Provided material =>
===============
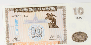
Armenia, 10 dram

Bosnia (zona croata musulmana) empezó a acuñar dinero durante la guerra civil, los cuales estuvieron en uso hasta 1998. En este billete se muestra el puente de Mostar, que divide el barrio croata del musulmán.
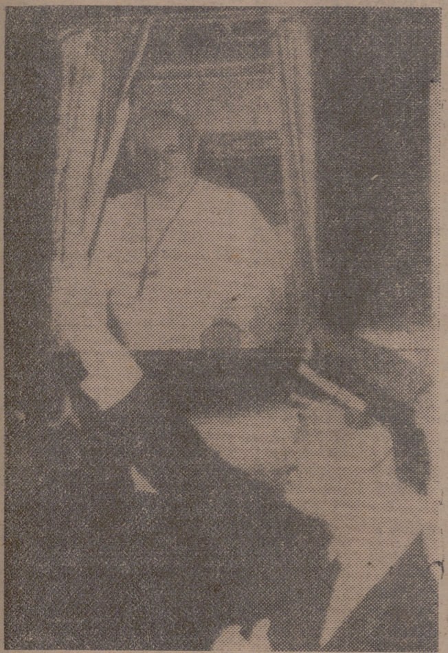
ROMA. — Su Santidad el Papa, Juan XXIII, ha salido hacia el Santuario de Nuestra Señora de Loreto, en representación de los demás santuarios del mundo. En la foto le vemos en la ventanilla del tren impartiendo su bendición.
===============
To do => Reproduce all the material exactly, omitting images.

Exercise response =>
Armenia, 10 dram

Bosnia (zona croata musulmana) empezó a acuñar dinero durante la guerra civil, los cuales estuvieron en uso hasta 1998. En este billete se muestra el puente de Mostar, que divide el barrio croata del musulmán.
ROMA. — Su Santidad el Papa, Juan XXIII, ha salido hacia el Santuario de Nuestra Señora de Loreto, en representación de los demás santuarios del mundo. En la foto le vemos en la ventanilla del tren impartiendo su bendición.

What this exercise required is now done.